The wrenching hand on his wrist forced him to drop his gun--it had begun to twist too long before he began resisting. Then he let himself go completely limp, while his left hand felt for the knees of the man behind him. His arm locked round them and he heaved himself backwards with a sudden jerk of his thighs. They fell heavily together, and the grips on his wrist and neck were broken. Simon squirmed over, put a knee in the man's stomach, and sprang up and away; and then he saw that Renway had snatched up the automatic and was covering him.

Simon Templar, who knew the difference between certain death and a sporting chance, put up his hands quickly.

"Okay, boys," he said. "Now you think of a game."

Renway's forefinger weighed on the trigger.
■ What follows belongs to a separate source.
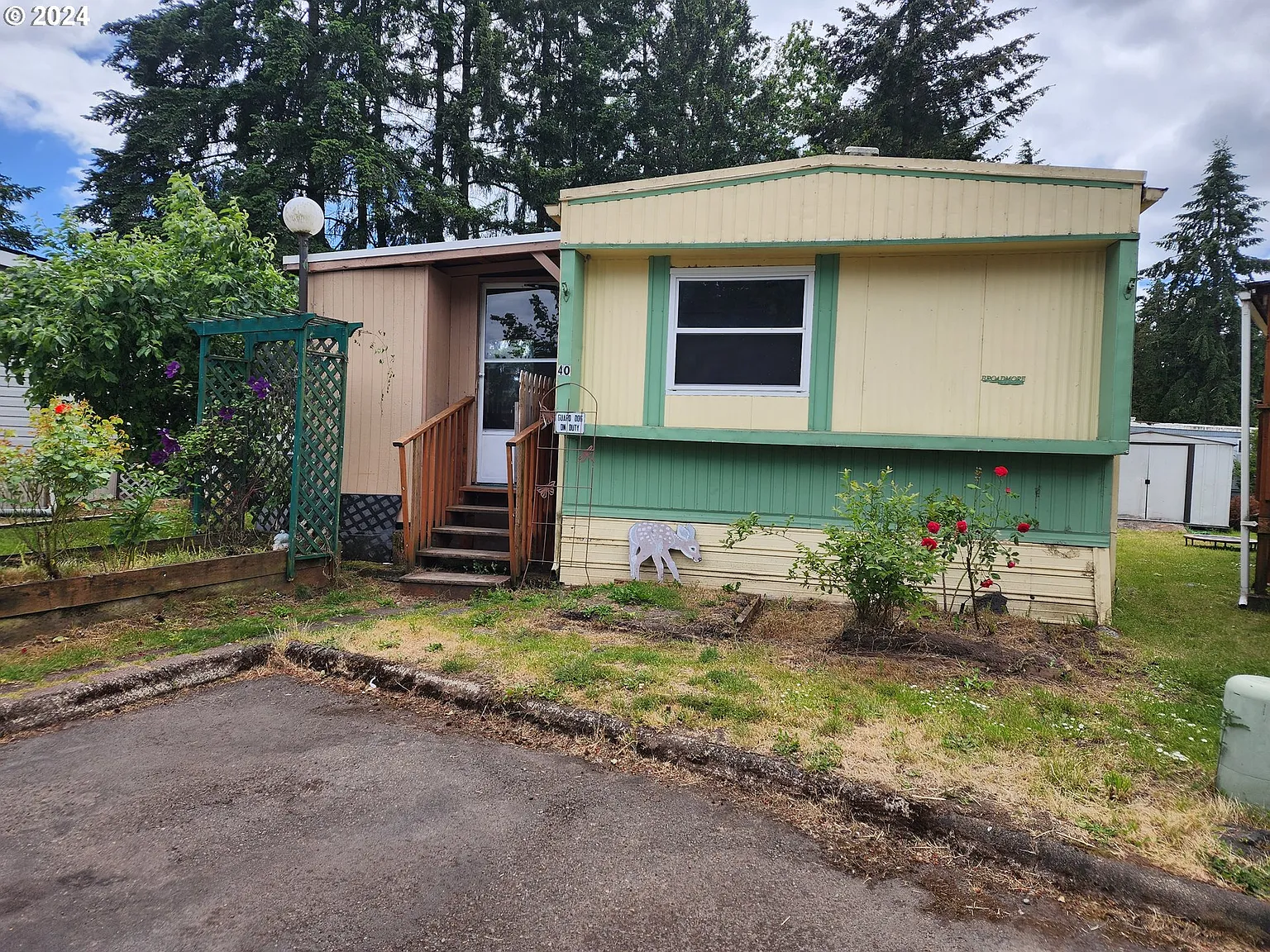 This 3 bed 2 bath home is situated in a all age park. Most recent updates consist of: butcher block countertop in the kitchen, granite tops in the bathrooms, luxury tile surrounds in the bathrooms, roofs about 7 years old, double pane vinyl windows and water heater about 3 years. The yard is spacious and is fully fenced. 3 tool sheds included. Covered patio is great for the rainy weather. Space rent to be $750 a month, garbage included. Centrally located to parks, walking trails, schools, hospitals, and quick freeway access. Come check it out today!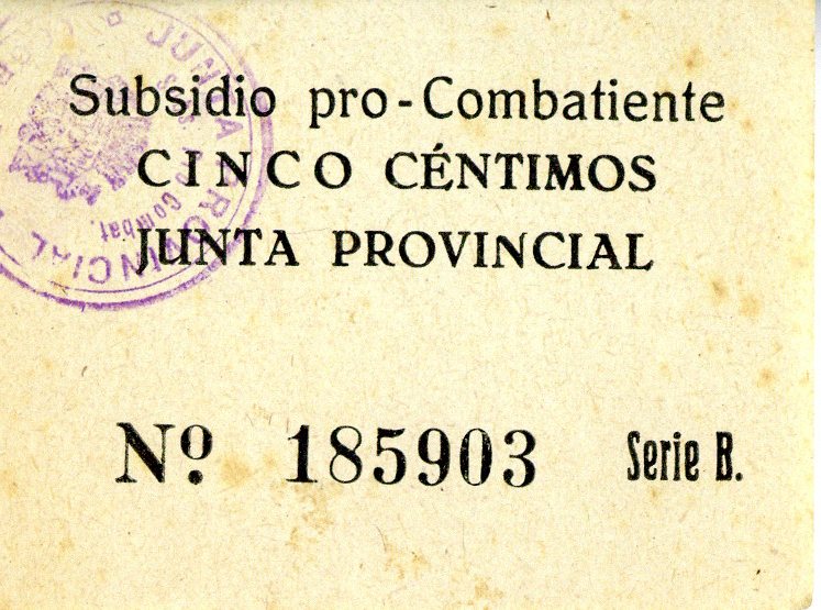 Resumen: Ticket de abono del subsidio Pro-combatientes de Logroño. 5 céntimos. S. f. Nº serie: 185903 Serie B.

"You fool!" he said almost peevishly.

"Admitted," said the Saint. "Nobody ought to walk backwards without eyes in the back of his Head."

Renway had also picked up the diary, which Simon had dropped in the struggle. He put it back in his pocket.

The Saint's brain was turning over so fast that he could almost hear it hum. He still had Enrique's letter--and the bundle of cash. There was still no reason for Renway to suspect him of anything more than ordinary stealing: his taking of the diary was not necessarily suspicious. And Simon understood very clearly that if Renway suspected him of anything more than ordinary stealing, he could, barring outrageous luck, only leave March House in one position. Which would be depressingly and irrevocably horizontal.

Even then, there might be no alternative attitude; but it was worth trying. Simon had a stubborn desire to hang onto that incriminating letter as long as possible. He took out the sheaf of bonds and banknotes and threw them on the desk.

"There's the rest of it," he said cynically. "Shall we call it quits?"

Renway's squinting eyes wandered over him.

"Do you always expect to clear yourself so easily?" he asked, like a schoolmaster.

"Not always," said the Saint. "But you can't very well hand me over to the police this time, can you? I know too much about you."

In the next moment he knew he had made a mistake. Renway's convergent gaze turned Petrowitz, who was massaging his stomach tenderly.

"He knows too much," Renway repeated.